Nella leggenda rimane pure la frase che l’ex sposa di Calico Jack avrebbe rivolto al suo compagno, qualche momento prima che venisse impiccato: se avesse combattuto come un uomo, adesso non starebbe lì a farsi impiccare come un cane.

Un tipetto tranquillo, insomma.

Ora, io l’ultima volta che ho visto Valeria è stato un sabato pomeriggio di dieci anni fa passeggiando per il corso pieno di palme di San Benedetto, me l’hanno indicata dicendomi guarda quella è quella figa dell’asilo, proprio così, e non aveva niente della feroce piratessa di quando eravamo bambini. Ora magari posso dire che ero contento per lei, ma mi domando se a sei anni avessi avuto la forza di un capitano dei pirati per dirle qualcosa come ti va di dividere la mia merendina alle carote, oggi magari salperemmo i mari dell’adriatico insieme come quei saraceni che imperversavano sulle nostre coste quattro secoli or sono. Ma no, io, come Calico Jack, ero stato poco più che un pavido farabutto da quattro soldi e come un cane sarei dovuto rimanere da solo ad assistere a una vita più brillante, rinunciando al concetto della vita in mare, per il quale molti della mia famiglia hanno perso la vita e il cui ricordo io e mio padre portiamo come una specie di vanto, in una medaglia per lunga navigazione appesa in salotto o quando andiamo a guardare le barche che la sera ritornano al porto. Così mi viene da pensare che solo quelli che hanno avuto la fortuna di nascere sul mare riescono a capire quella specie di richiamo sordo, e il senso di affannarsi a scorgere i temporali che vedi fiorire al di là degli scogli, immaginando i pescherecci che combattono le onde, e storie di naufragi più grandi di noi di cui rimangono foto sbiadite e cronache scritte in piccolo sui giornali, e mi torna in mente una canzone marinaresca di casa mia, che poco c’entra con i pirati, perché parla di una madre e della speranza di un ritorno a casa che per Anne e Mary non poteva esistere: La lune t’accumpagne / stu core sta nghe tte / vanne senza nu lagne / te vuie troppe bbe. /E quasce ’ntutte ll’ore / i stinghe a recetà / pe quelle che qua’n còre, / sempre mme ce starrà. (Che la luna ti accompagni / questo cuore sta con te / vattene senza piangere / ti voglio troppo bene. / E quasi a tutte le ore / io sto pregando / per quello che nel cuore / sempre rimarrà).
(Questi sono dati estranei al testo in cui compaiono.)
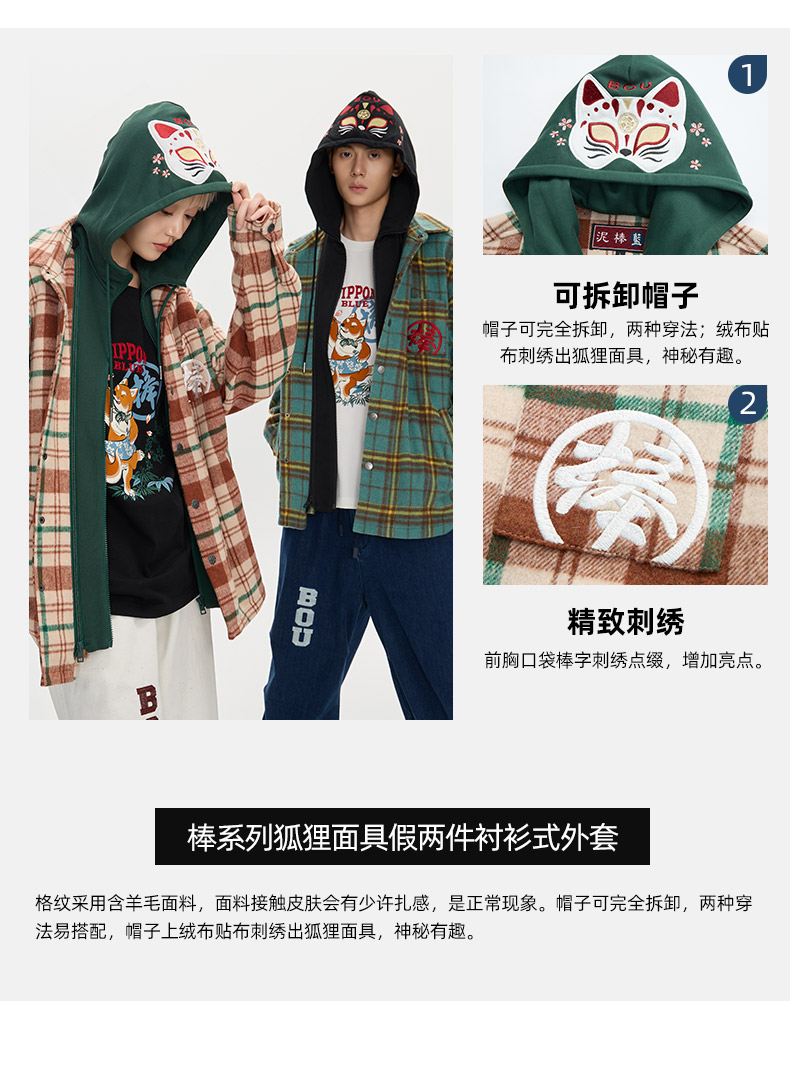 ONIARAI/鬼洗秋冬新棒系列狐狸面具假两件衬衫式外套男女 N340225
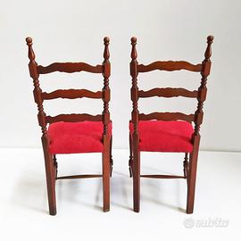 Coppia di sedie a trono per tavolo pranzo interamente in legno massiccio, e con schienale e seduta imbottita rivestita in tessuto rosso lavorato damascato a rilievo. Possibile collocazione anche come sedie da ingresso o arredo. Dimensioni 45x42x48, altezza schienale 106 cm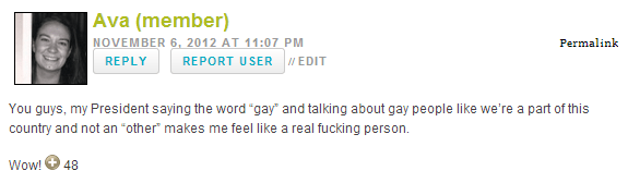 As a U.S. citizen, an Ohioan by birth and full-time gay, I’ve been riding a political high (some have dubbed it a “gloatwave”) since Tuesday. We won so many things! Did you see Riese’s election-inspired TIRTIL and Laura and Vanessa’s interview with Sally Kohn? Ali’s epic Election OPEN THREAD was a thing of patriotic beauty. And remember how the best-dressed Obama party attendee was our starlet, Brandy? Aren’t you excited about how much the GOP mucked it all up?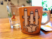 オレンジのマグカップ。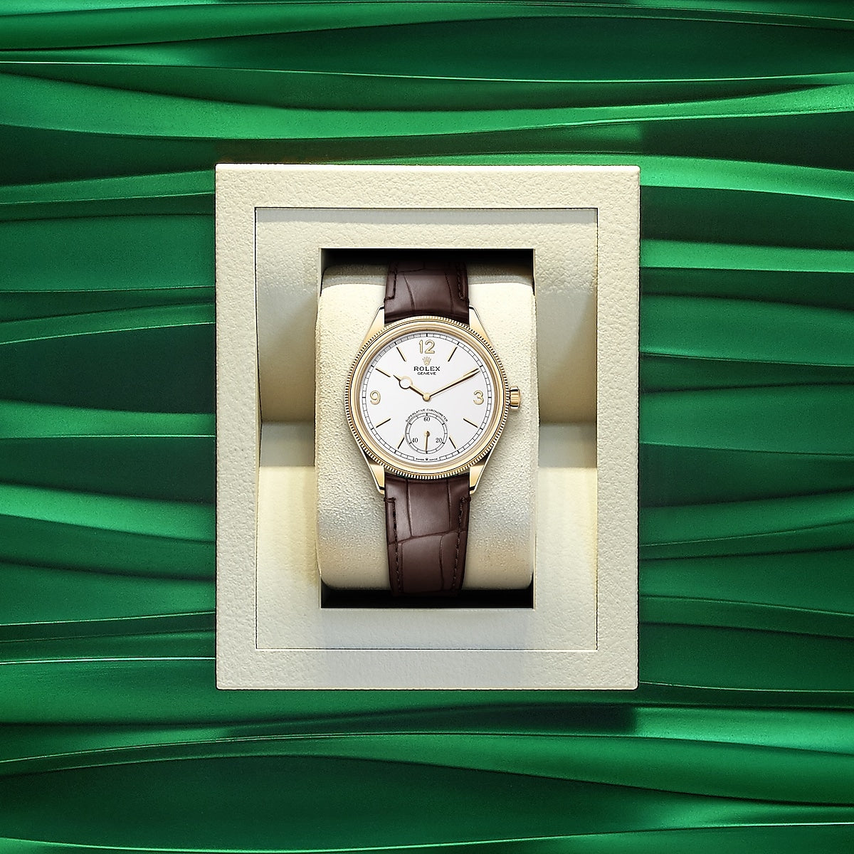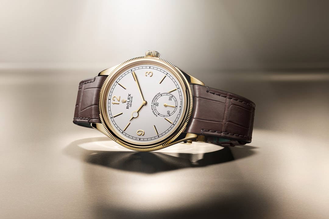 Unworn watch Rolex Perpetual 1908. 39mm. 18k Yellow Gold. Ref# 52508-0006. Striving for the highest level of quality to achieve flawless. long-lasting results is the life philosophy of Rolex. It is in this vein that the global brand has developed a classic collection of watches with a new name and a new look. modestly dressy. ideal for a business suit - Rolex Perpetual 1908. Paying homage to the year in which the Rolex lettering first appeared on the dials. the entire Perpetual 1908 model inspired by the watchmaker's first creation to feature a self-winding rotor. Proof of this is the stunning Intense White dial with superbly long and narrow 18k Yellow Gold applied indexes and Arabic numerals at 12. 3 and 9 o'clock. At 6 o'clock is a small seconds dial. sportier than you might expect. with 20. 40 and 60 on the track. An elegant sword-shaped minute hand with a classic hour hand marked with a ring at the tip. made of 18k Yellow Gold. A well-readable minute scale is applied along the outer contour of the dial. All this charm is complemented by a ribbed. for a comfortable grip. domed screw-down crown in 18k Yellow Gold with the Rolex logo.? The dial is covered with a scratch-resistant sapphire crystal. The highlight of the model is the two-tiered 18k Yellow Gold bezel with a convex and tactile upper part and a characteristic grooved lower part. The model is powered by the in-house automatic Rolex mechanical movement caliber 7140. new 2023. contains 38 jewels and has an approximate power reserve of approximately 66 hours. The mesmerizing work of the mechanism can be seen through the transparent case back. This impressive watch is presented on a matte brown alligator leather strap with green lining and tone-on-tone stitching. custom made for this model. It is fitted with an 18k Yellow Gold Dualclasp folding clasp. Thanks to its carefully shaped design. the Dualclasp is always centered on the wrist for maximum comfort. Water resistant up to 50m/165ft (5 ATM).
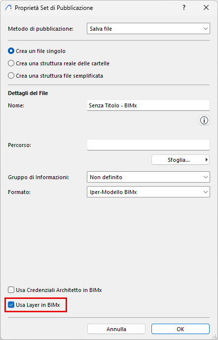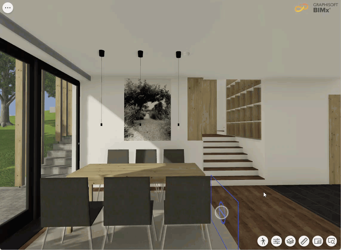 A differenza di Archicad, la selezione di un'altra combinazione di lucidi in BIMx non rivela elementi non inclusi nel modello 3D originale. Il contenuto dell'Iper-Modello BIMx deve essere definito prima della pubblicazione.
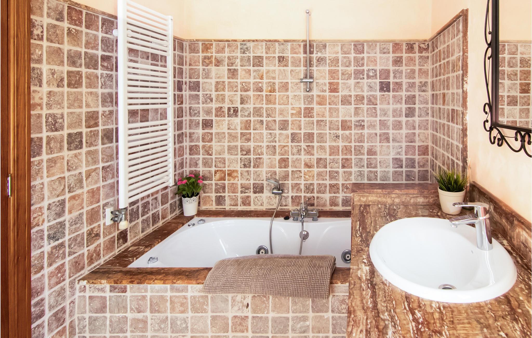 Badeværelse (nr. 1) - WC. Varmt og koldt vand. Bruser og badekar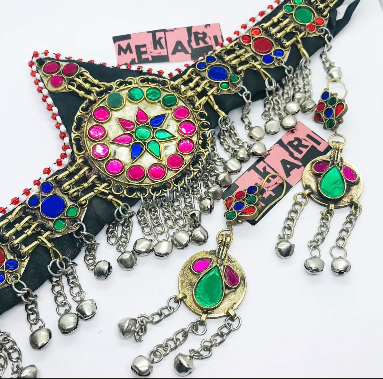 Elevate your style with this daring Afghan Mathaptti, a stunning headpiece inspired by rich Afghan culture. Featuring beautifully layered ghungru chains and adorned with vibrant multi-colored stones, it captures traditional elegance with a bold, modern edge. Perfect for making a powerful statement at any occasion.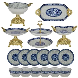 این مجموعه شامل استند میوه، کیک، شکلات، آجیل، استند شات، مزهسهکاسهای، پیشدستیها، فنجانها، سینیهای سرو و سایر اقلام مکمل است. تمام قطعات هماهنگ طراحی شدهاند تا نیاز میز پذیرایی را بدون خرید اقلام اضافی کامل کنند. قطعات فلزی قابل شستشو بوده و بهترین روش تمیزکاری، استفاده از دستمال نرم و مقدار کمی مایع است.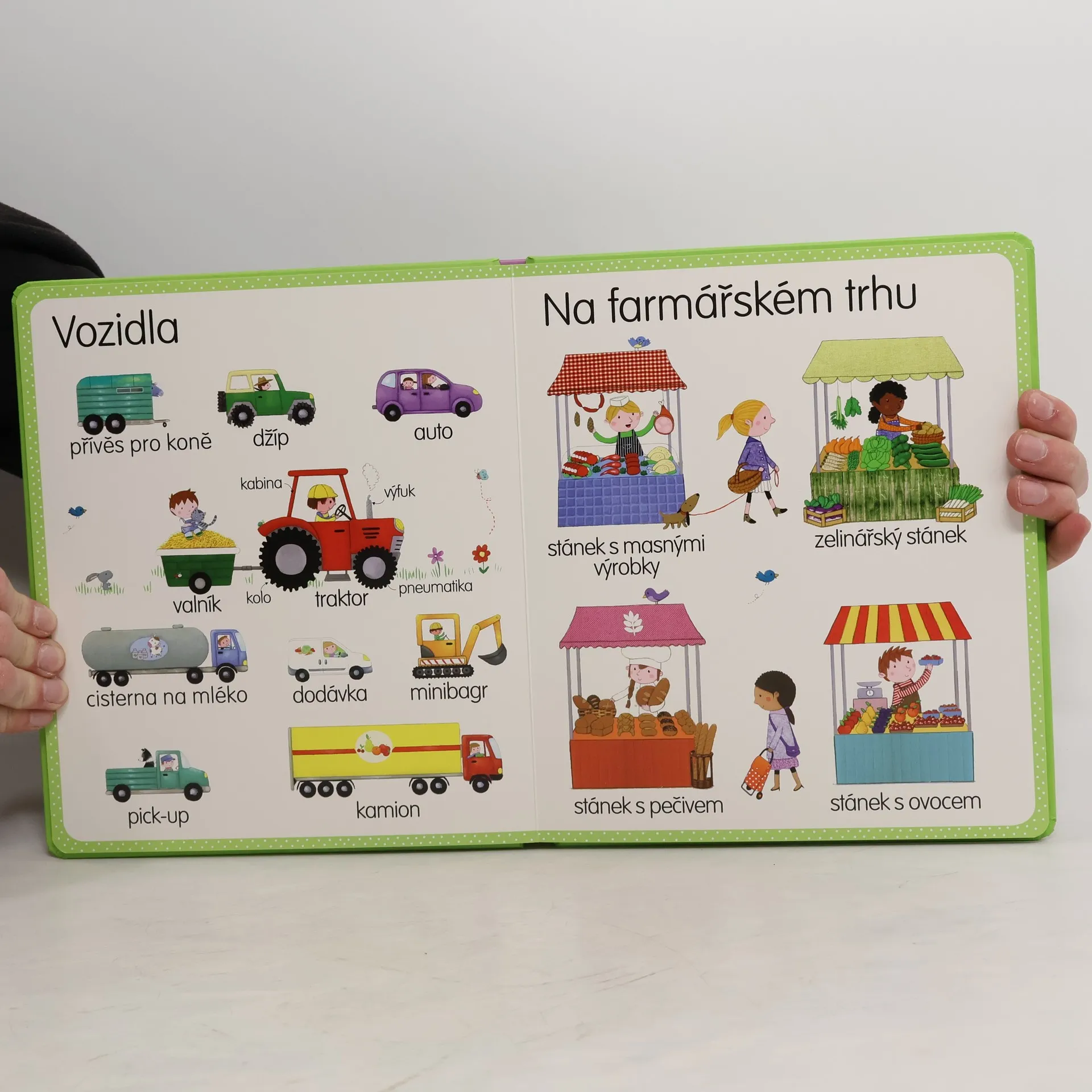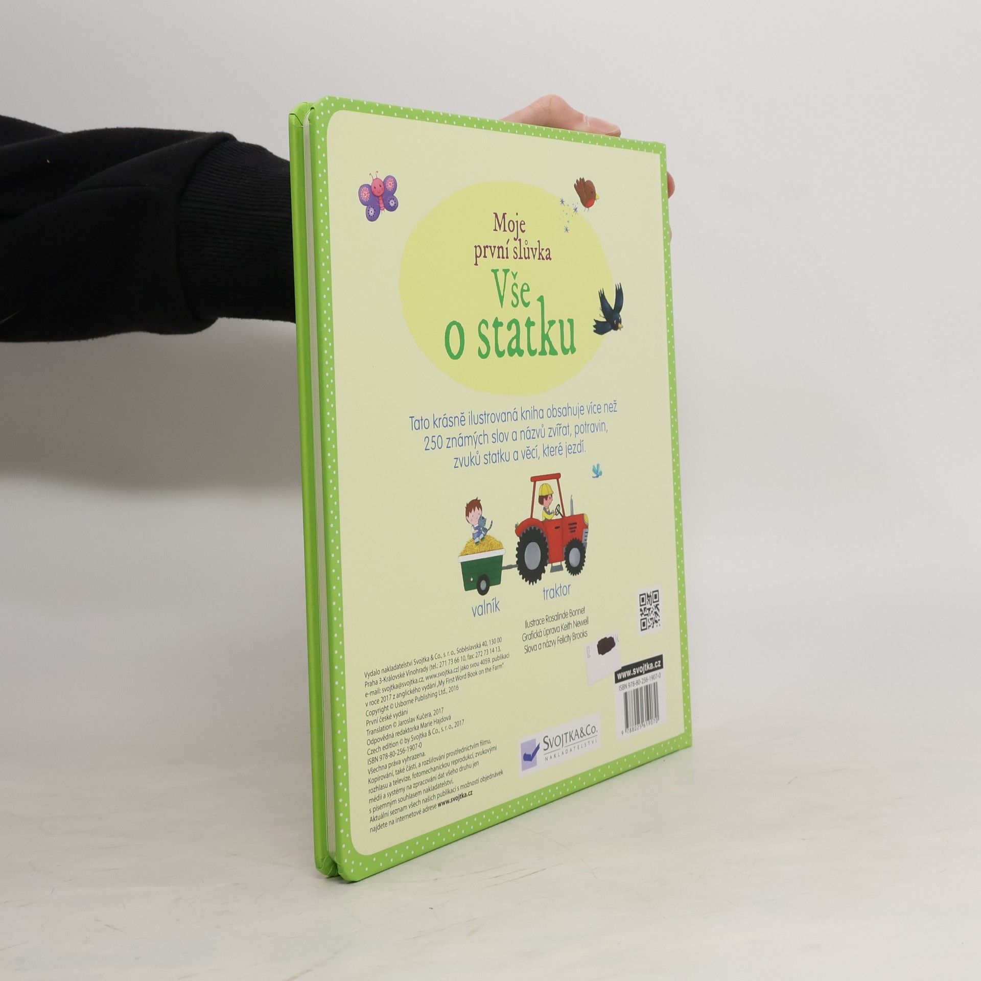 Obrázkový slovníček naučí děti názvy spousty věcí, které mohou najít na farmě či statku. Přehledně jsou tu pojmenovaná různá zvířátka, rostliny, stromy, vozidla a různé stroje i ostatní věci, které k farmě prostě patří. Děti se seznámí s činnostmi, které je třeba na farmě dělat i s farmářskými produkty, na nichž si mohou děti pochutnat doma. Slovíčka doplňují nádherné barevné ilustrace, které děti určitě zaujmou.

Un’altra versione della storia dice che Anne avrebbe ripreso il mare, sotto un altro nome e che abbia continuato a imperversare sui mari dei caraibi fino alla fine dei suoi giorni. È un finale tranquillizzante, che ti rimette la coscienza a posto con la vita, con quello che nella vita sei stato destinato a fare. E vorrei farmelo spiegare da lei, magari mentre acconcia i manichini sui ponti della nave, imbrattandosi di sangue di tartaruga per ricorrere allo stratagemma del vascello fantasma, che cosa vuol dire saper abbandonare le cose, volgersi al nuovo giorno come si volge lo sguardo a una nave nemica, e rincorrerla fino alla fine dell’oceano, sapendo che sul ponte di una nave fantasma c’è Anne, con un coltello in mezzo ai denti e il seno al vento, che ti rincorre inevitabile come in quel verso di Tarkovskij, “come un pazzo col rasoio in mano”.